WASHINGTON — Dozens of pro-life groups are pleading with the Trump White House to stop the Food and Drug Administration from allowing mail delivery of abortion pills, claiming the Justice Department can do so by merely settling a lawsuit.
Last year, Louisiana challenged a Biden-era policy allowing mifepristone, part of a two-drug regimen to cause an abortion, to be delivered via the postal system. That case, Louisiana v. FDA, is playing out before the New Orleans-based Fifth Circuit Court of Appeals.
In 2021, the Biden FDA scrapped a requirement that patients visit a doctor in-person to get the abortion pill, formalizing that rule in 2023.
The Trump FDA has so far kept that policy intact, though the agency has begun conducting a safety review, the interim results of which could be released as early as next month.
Louisiana argued that the FDA’s move to remove the in-person dispensing requirement has allowed abortion groups to undermine the state’s strict abortion restrictions.
Last month, the Supreme Court blocked an order from the Fifth Circuit that had briefly required in-person dispensing of mifepristone.
Just last week, the DOJ filed a motion supporting keeping the mail-in rule in place while the case plays out.
“Agreeing to a court-ordered consent decree would end the Biden Administration’s unlawful mail-order abortion drug policy and restore in-person dispensing while the FDA completes a prompt, rigorous safety review,” Susan B. Anthony Pro-Life America and 83 other anti-abortion organizations wrote in a letter to acting Attorney General Todd Blanche obtained by The Post.
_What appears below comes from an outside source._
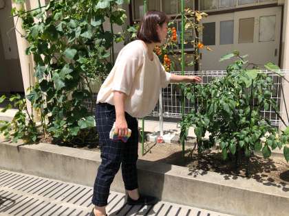 保健室前の畑で栽培している野菜も、丁寧に管理してくれています。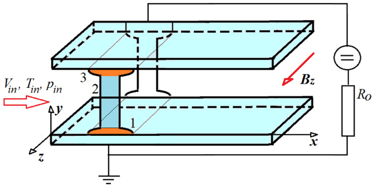 В данной работе рассматривался частный двухмерный случай развития газодинамических и электродинамических процессов в переменных x–y, с вектором индукции внешнего магнитного поля, направленного только вдоль оси z B = ezBz, поэтому в системе электродинамических уравнений удобно использовать эффективные компоненты напряженности электрического поля [9]

“Every month DOJ delays, abusers retain a dangerous tool for coercion, state laws are undermined, unborn children are killed, and women face preventable risks,” the letter went on. “We respectfully urge you to settle Louisiana v. FDA, end DOJ’s defense of the mail-order abortion drug regime.”
Pro-life groups have long attacked the loosening of requirements to access mifepristone, which restricts certain hormones from the uterus needed to support a pregnancy. Typically, it is taken with misoprostol, which empties the uterus, to carry out a medical abortion.
Mifepristone can also be used to manage miscarriages and treat Cushing’s syndrome.
Roughly two-thirds of abortions across the country are chemically induced, per the pro-choice Guttmacher Institute.
Former FDA Commissioner Martin Makary had faced accusations by pro-life activists and Republican lawmakers that he was dragging his feet on the mifepristone safety review before stepping down in May.
Since the Supreme Court’s 2022 Dobbs v. Jackson Women’s Health Organization decision, abortion groups have promoted mail-order mifepristone to help women circumvent red state laws banning or significantly cracking down on the procedure.
The Justice Department did not immediately respond to a request for comment.